Phil Bergerson: A Retrospective

Introduction by Robert Burley

Published on 03/01/ 2020

Photographic Journeys

This book tells the story of Phil Bergerson’s many photographic journeys. Most were taken by car, some with the specific purpose of making photographs, others sparked by his complementary obsessions: an intense curiosity about the world and a penchant for asking questions that, to put it mildly, could not be easily answered. During the more than four decades I’ve known and worked with Bergerson, I’ve been drawn into his expeditions with a kind of inevitability, and also with a guarantee of the shotgun seat beside him.

Even when I thought I knew where we were headed and why, I probably didn’t. Behind the wheel and elsewhere, Bergerson was first a photographer and a teacher, but also a cultural animateur and a guide: a person who took you on serpentine routes, pointing out things you would have otherwise missed. He was process personified; the destination was the journey, fuelled by the restless certainty he imparted to you that every interesting stop would invariably lead to a more interesting one a few miles down the road. At least I was smart enough then not to ask him if we were there yet.

My first meeting with Bergerson the teacher was in the 1970s at Ryerson in Toronto, when I was a Photographic Arts student. At that time, the school was a committed polytechnic, and photography was primarily taught as a technical application, but one that increasingly encompassed expressive aspiration. Bergerson, then in his twenties, was already a prolific artist who was convinced that photography’s historic quest for art status was finally being realized.

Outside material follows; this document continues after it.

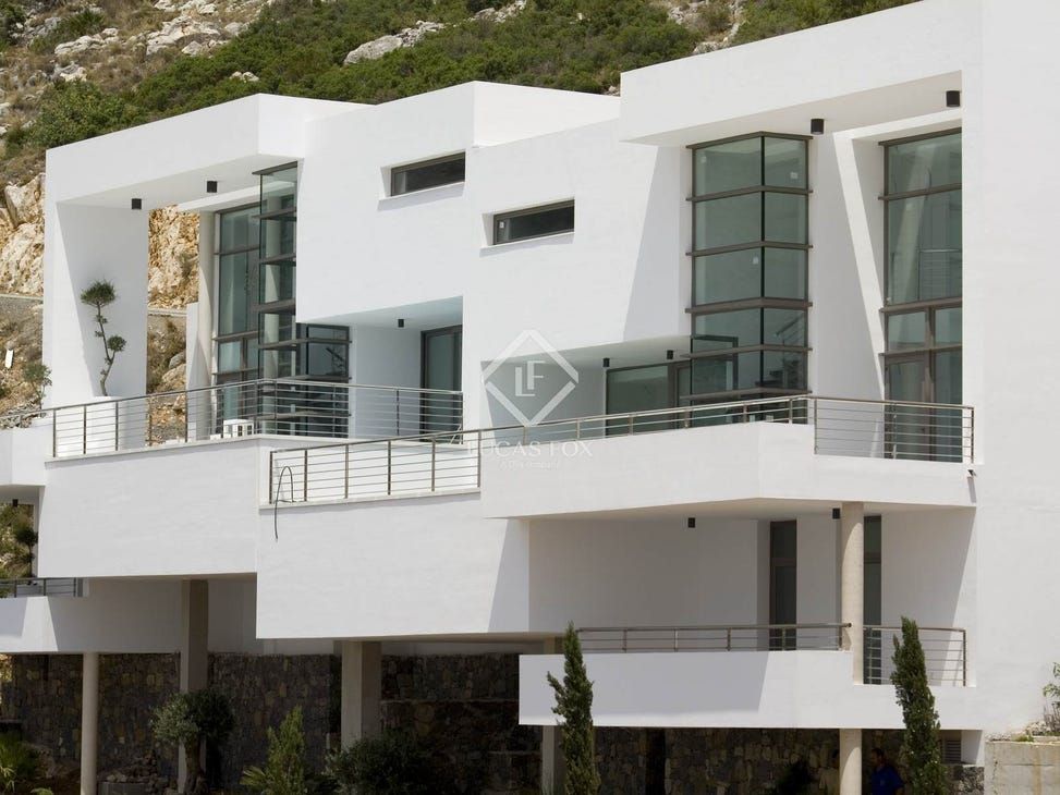 Lucas Fox presents a luxury villa for rent with 486 m total, 240 m interior and 246 m of terraces. With three floors and large windows, natural light fills the spaces. The first floor has a garage for two cars and a relaxation area with panoramic views of the sea and the mountains. The main floor houses the social areas: a living room, dining room and Open kitchen equipped with high-end appliances . In addition, it offers a guest toilet and access to a magnificent terrace with a pool and chill-out area, with impressive views. On this floor is the main bedroom with integrated dressing room and luxurious bathroom with overflowing bathtub and hydromassage shower, all with panoramic views thanks to the glass architecture. On the lower floor there are three double bedrooms, two with access to a terrace to enjoy the spaciousness and natural light, ideal for relaxing. It also has a luxurious full bathroom . The villa stands out for its modern construction and avant-garde interior design, prioritizing the comfort of the owners. It offers security with 24-hour surveillance and recording systems in the development. With double-glazed windows, underfloor heating, hot/cold air conditioning and a lift for accessibility, the villa is suitable for people with reduced mobility. Located in a quiet development in Altea Hills, it has an intrusion alarm. Altea is connected to the international airports of Alicante and Valencia, close to its beaches and the Don Cayo golf countryside . A few kilometers away is the Luis Campomanes sports club (Greenwich-Mascarat Marina), offering various nautical activities. Essentially, this villa, with its modern design, spacious spaces and amenities, offers a luxurious and secure residential experience, uniting the harmony of the natural environment with the comfort of modern living in Altea.

Over the few short years I spent at Ryerson as an undergraduate, he introduced me to some of the greatest names working in the medium, not only through his slide lectures in class, but in the flesh, via the remarkable public symposia he organized. I had the opportunity to meet artists W. Eugene Smith, Berenice Abbott, Robert Frank and Mary Ellen Mark, among others. Later came the theorists: Rudolf Arnheim and Allan Sekula; historians: Peter Bunnell and Helmut Gernsheim; and curators: John Szarkowski and Nathan Lyons. Looking back at this extraordinary line- up, a photography Who’s Who, it occurs to me that I wasn’t only a student being mentored by Bergerson, I was along for a different kind of ride, his own experience of learning and discovery.

Twenty years after I graduated, I found myself inside Bergerson’s unique sphere again—this time teaching alongside him in what was now the School of Image Arts at Ryerson. His own skills as a teacher had become more focussed and eclectic at once. He continued to work out of a small, packed-to-the-rafters second-floor office that also served as a color darkroom.